## [About this exercise]
Omit all pictures, and print word for word only the lines from the one containing "GIRL AND CAT ART JIGSAW PUZZLE POSTCARD" through the end of the data.
Given data START
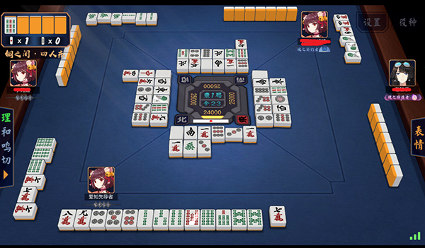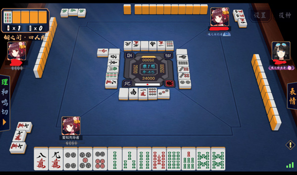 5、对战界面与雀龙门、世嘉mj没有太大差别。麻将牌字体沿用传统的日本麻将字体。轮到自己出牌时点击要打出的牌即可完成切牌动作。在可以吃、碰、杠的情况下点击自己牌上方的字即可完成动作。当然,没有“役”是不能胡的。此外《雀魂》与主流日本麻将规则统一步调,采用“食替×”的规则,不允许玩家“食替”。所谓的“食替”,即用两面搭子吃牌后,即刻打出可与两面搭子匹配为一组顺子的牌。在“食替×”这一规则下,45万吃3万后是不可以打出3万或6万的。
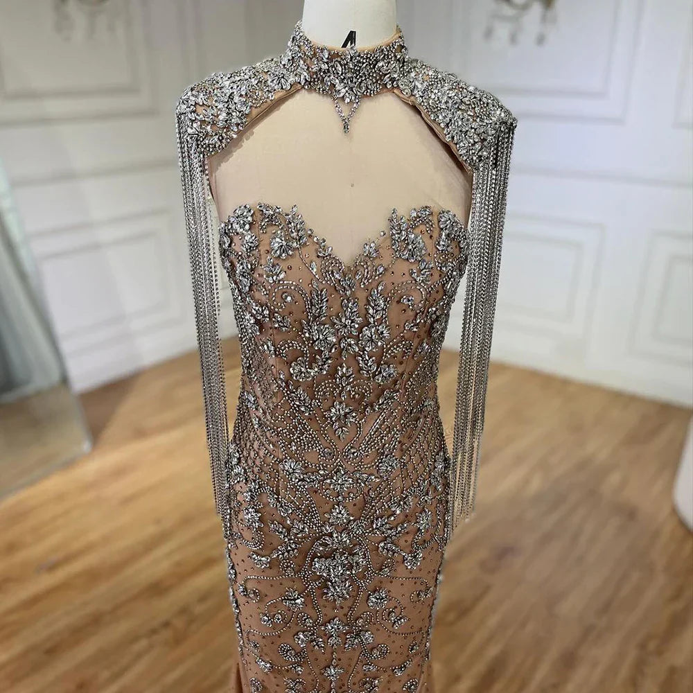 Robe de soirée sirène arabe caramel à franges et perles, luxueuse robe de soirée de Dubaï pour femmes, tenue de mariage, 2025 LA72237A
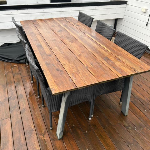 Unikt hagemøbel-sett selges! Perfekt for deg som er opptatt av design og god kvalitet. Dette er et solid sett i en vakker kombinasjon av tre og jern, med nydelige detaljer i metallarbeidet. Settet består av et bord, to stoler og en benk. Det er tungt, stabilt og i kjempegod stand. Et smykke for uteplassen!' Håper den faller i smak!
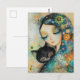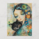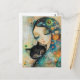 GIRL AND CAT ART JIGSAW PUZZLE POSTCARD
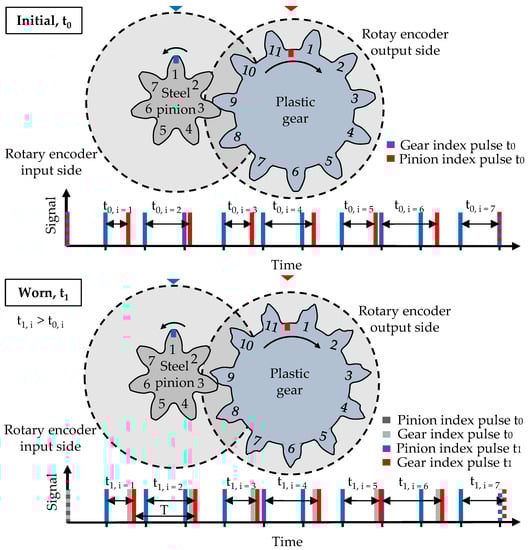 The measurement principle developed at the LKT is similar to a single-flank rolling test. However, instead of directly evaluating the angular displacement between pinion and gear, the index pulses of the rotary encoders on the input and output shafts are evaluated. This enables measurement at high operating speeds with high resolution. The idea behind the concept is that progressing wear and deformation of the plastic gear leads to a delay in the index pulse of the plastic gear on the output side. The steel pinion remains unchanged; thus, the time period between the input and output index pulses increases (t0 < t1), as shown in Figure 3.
Given data END
## [Solution to the problem]
 GIRL AND CAT ART JIGSAW PUZZLE POSTCARD
 The measurement principle developed at the LKT is similar to a single-flank rolling test. However, instead of directly evaluating the angular displacement between pinion and gear, the index pulses of the rotary encoders on the input and output shafts are evaluated. This enables measurement at high operating speeds with high resolution. The idea behind the concept is that progressing wear and deformation of the plastic gear leads to a delay in the index pulse of the plastic gear on the output side. The steel pinion remains unchanged; thus, the time period between the input and output index pulses increases (t0 < t1), as shown in Figure 3.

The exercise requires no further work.